TASK DESCRIPTION
Locate "Office Parallel Desk" in the records below, then copy its line and every following line exactly, without the pictures.

────────────────────────────────────────

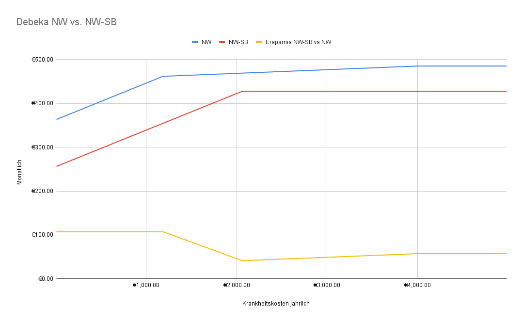 Ohne Krankheitskosten ist der NW ca. 400€/Jahr (wenn es keine BRE gibt) oder 240€/Jahr (wenn es eine BRE gibt) teurer als der NW-SB.
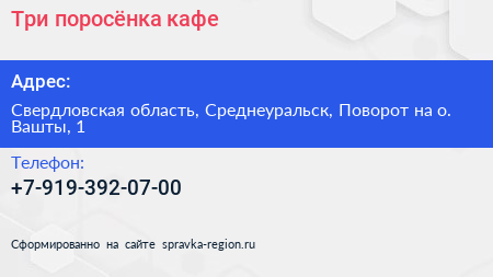 Три поросёнка, кафе по адресу Свердловская область, Среднеуральск, Поворот на о. Вашты, 1 в дальнейшем Организация, размещена в следующих категориях:
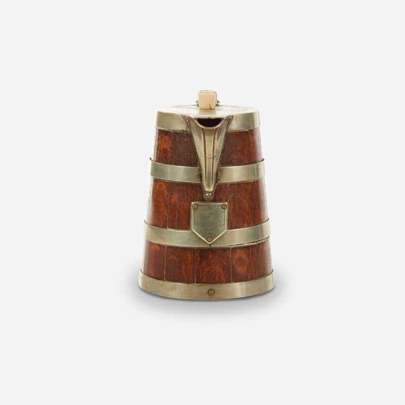 With plaque engraved "Dulwich Fox Terrier Coursing Club/ Feb. 17th 1883/ Presented by William Wilson/ Won by Charley", and engraved to lid and spout "1st Prize Heavy Weight Consolation Stakes/ 2 Years 19 lbs.", with ivory knob.
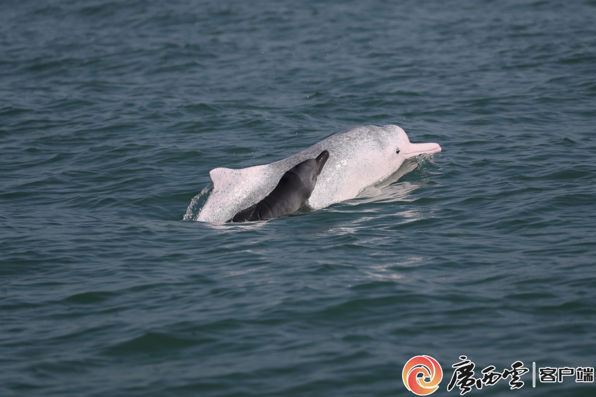 中華白海豚媽媽帶著新生的小海豚在欽州三娘灣海域暢游。趙一 攝 冬日的暖陽灑落三娘灣海面。蔚藍波光中,不時可見一抹粉白的身影悄然躍起——這些充滿靈性的生命,它們的每一次躍動,都是這片大海無言的心跳。 誰不愿意生活在這樣一個充滿生機的世界里呢?
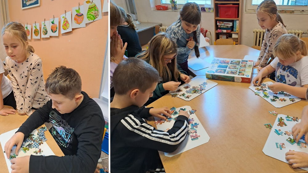Minulý týden se ve II. oddělení školní družiny konala soutěž ve stavění puzzle. Zúčastnit se mohli všichni, kdo měli chuť poměřit své síly a trpělivost — přihlásilo se celkem 20 nadšených soutěžících.
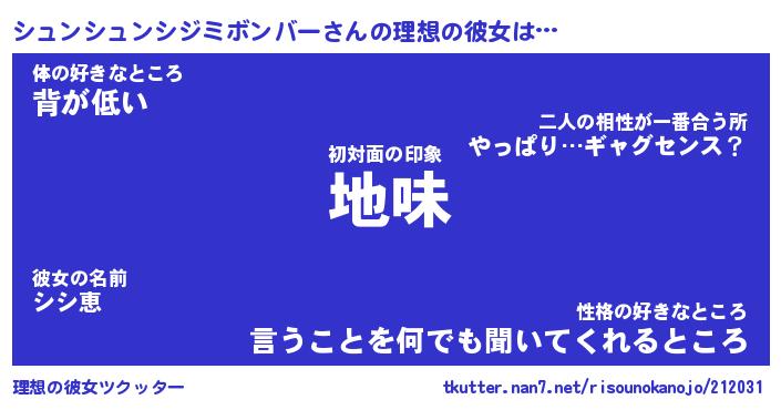 | 男性向けラノベタイトル風あだ名 | 『シュンシュンシジミボンバーの憂鬱』 |
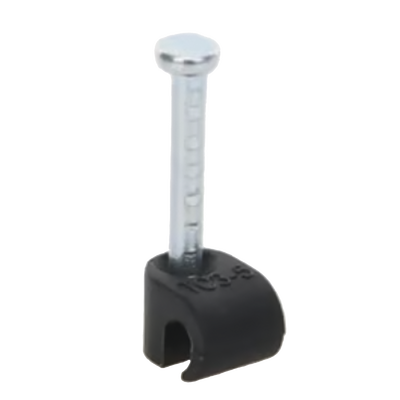 • Grapas con clavo integrado para sujetar Fibra óptica redonda a muros o techos en interiores.
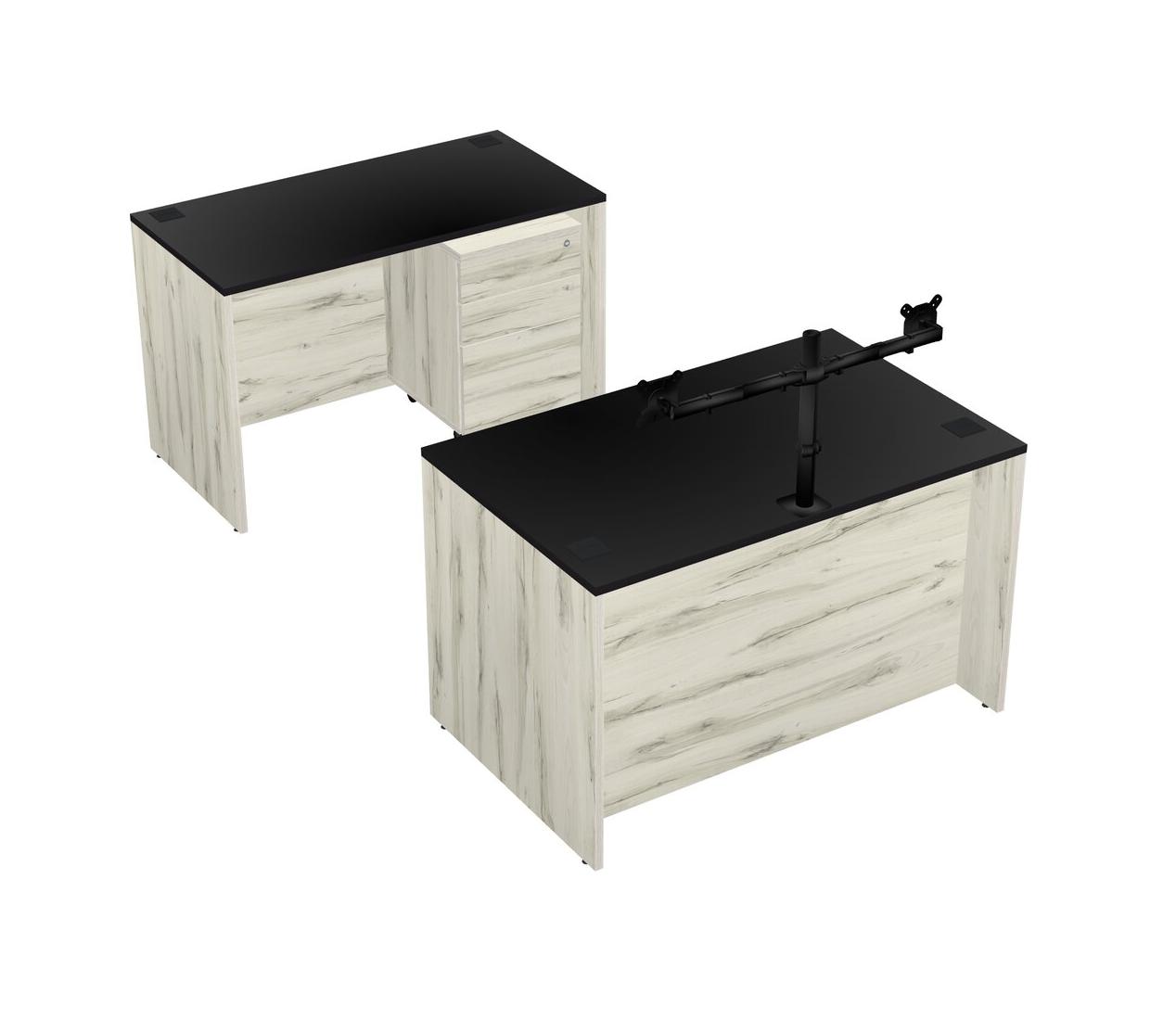 Office Parallel Desk Credenza Desk + Wooden Mobile Drawers + Monitor Arm (double Arms)
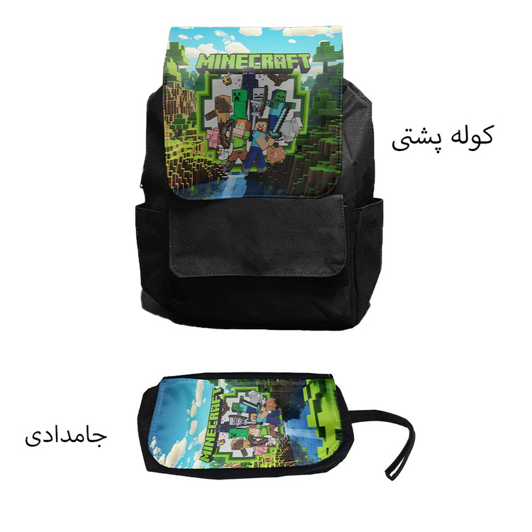 کوله پشتی مدل ماینکرافت کد Minecraft 2 به همراه جامدادی مجموعه 2 عددی
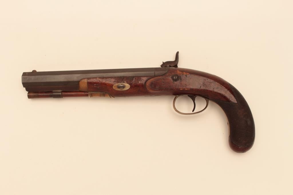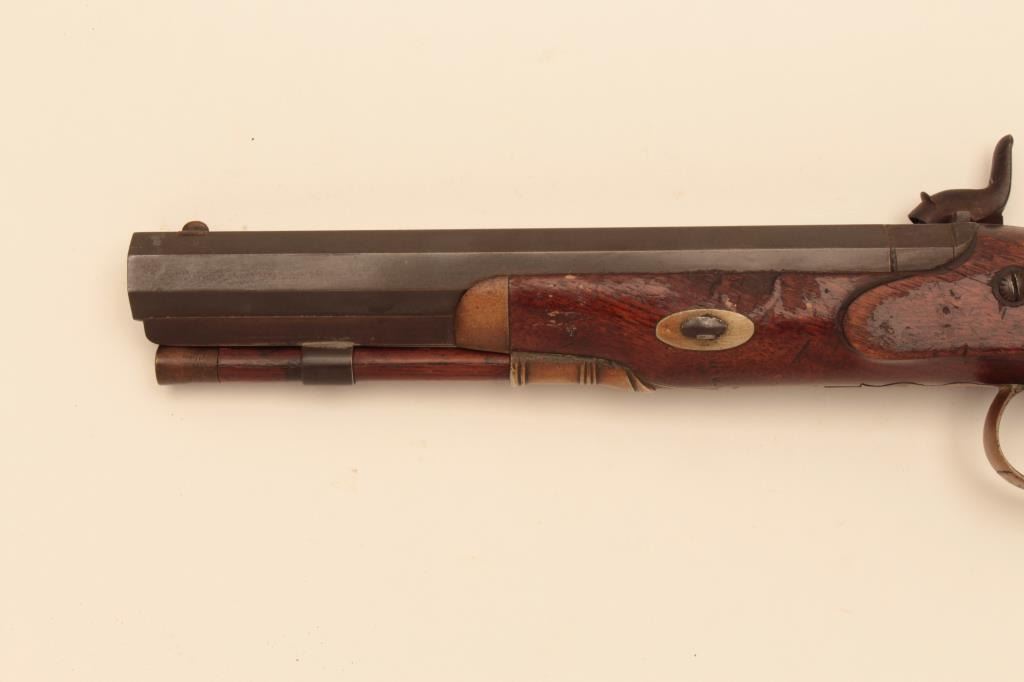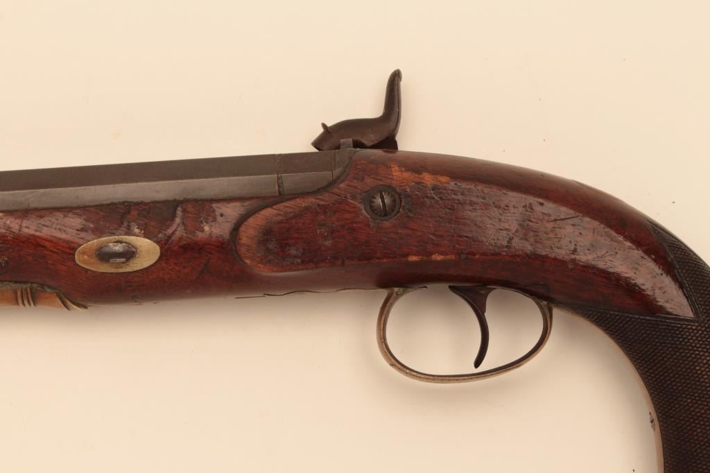 American Dueling Pistol by Constable of Philadelphia circa 1850s approx. 46 caliber smoothbore w/8; 3/8” Heavy barrel, Metal good to very good with most original brown on BBL, silver case colors on lock, stock showssome large chips and marks on left side by Escutcheon otherwise good to very good, sound action, with original Rod, A very desirable make. Est:$1500-3000
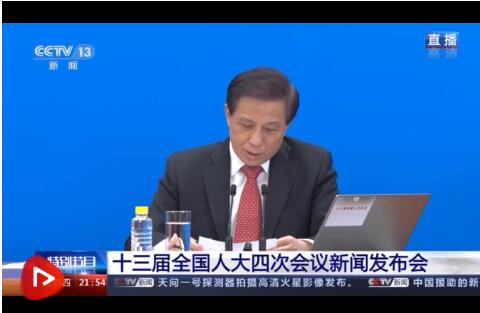 3月4日晚,十三届全国人大四次会议在人民大会堂举行首场新闻发布会,大会发言人张业遂介绍了大会议程和相关安排,并通过视频采访方式回答了中外记者提问。
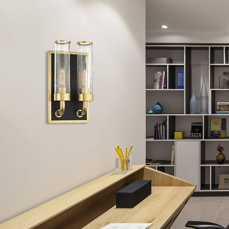 Vintage Brass Wall Sconce With Clear Crackle Glass Shade - Metal Tube Lighting For Dining Room (1/2
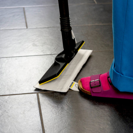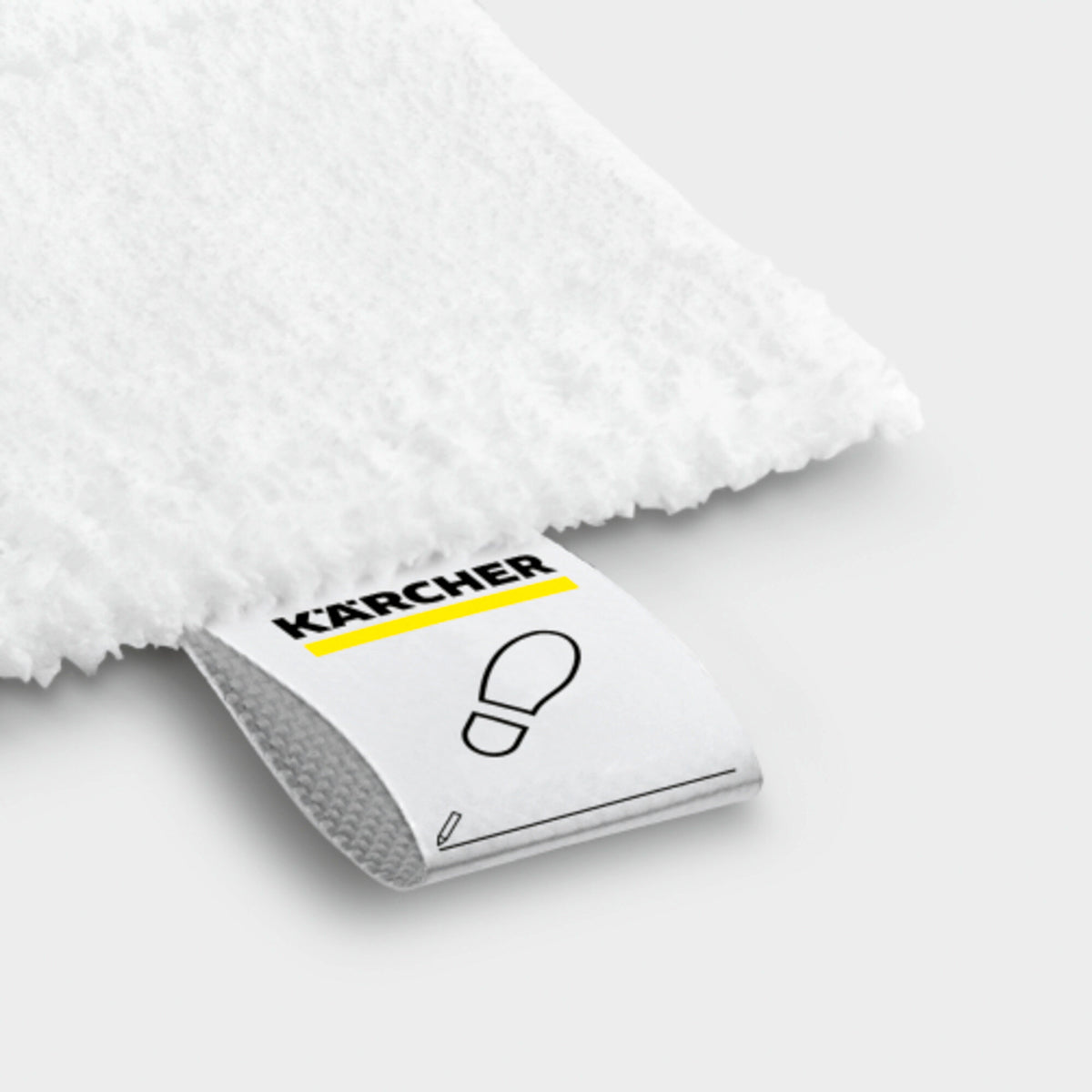 Das Sensitiv Bodentuchset enthält 2 Tücher aus besonders weichen Fasern, die weniger Feuchtigkeit und Hitze an den Boden weitergeben. So lassen sich auch empfindliche, versiegelte Böden sehr schonend dampfreinigen. Dank des Klettsystems lassen sich die Tücher leicht und schnell an der Bodendüse EasyFix des Dampfreinigers fixieren: einfach das Bodentuch an die Bodendüse EasyFix andrücken und fertig. Während der Arbeit bleibt das Tuch sicher in seiner Position – auch Ecken und Kanten werden mühelos sauber. Nach der Arbeit kann das benutzte Tuch ohne Schmutzkontakt von der Bodendüse EasyFix entfernt werden: Dazu wird nur auf die am Tuch befestigte Fußlasche getreten und die Düse nach oben weggezogen.

────────────────────────────────────────

WRITTEN REPLY
 Office Parallel Desk Credenza Desk + Wooden Mobile Drawers + Monitor Arm (double Arms)
 کوله پشتی مدل ماینکرافت کد Minecraft 2 به همراه جامدادی مجموعه 2 عددی
 American Dueling Pistol by Constable of Philadelphia circa 1850s approx. 46 caliber smoothbore w/8; 3/8” Heavy barrel, Metal good to very good with most original brown on BBL, silver case colors on lock, stock showssome large chips and marks on left side by Escutcheon otherwise good to very good, sound action, with original Rod, A very desirable make. Est:$1500-3000
 3月4日晚,十三届全国人大四次会议在人民大会堂举行首场新闻发布会,大会发言人张业遂介绍了大会议程和相关安排,并通过视频采访方式回答了中外记者提问。
 Vintage Brass Wall Sconce With Clear Crackle Glass Shade - Metal Tube Lighting For Dining Room (1/2
 Das Sensitiv Bodentuchset enthält 2 Tücher aus besonders weichen Fasern, die weniger Feuchtigkeit und Hitze an den Boden weitergeben. So lassen sich auch empfindliche, versiegelte Böden sehr schonend dampfreinigen. Dank des Klettsystems lassen sich die Tücher leicht und schnell an der Bodendüse EasyFix des Dampfreinigers fixieren: einfach das Bodentuch an die Bodendüse EasyFix andrücken und fertig. Während der Arbeit bleibt das Tuch sicher in seiner Position – auch Ecken und Kanten werden mühelos sauber. Nach der Arbeit kann das benutzte Tuch ohne Schmutzkontakt von der Bodendüse EasyFix entfernt werden: Dazu wird nur auf die am Tuch befestigte Fußlasche getreten und die Düse nach oben weggezogen.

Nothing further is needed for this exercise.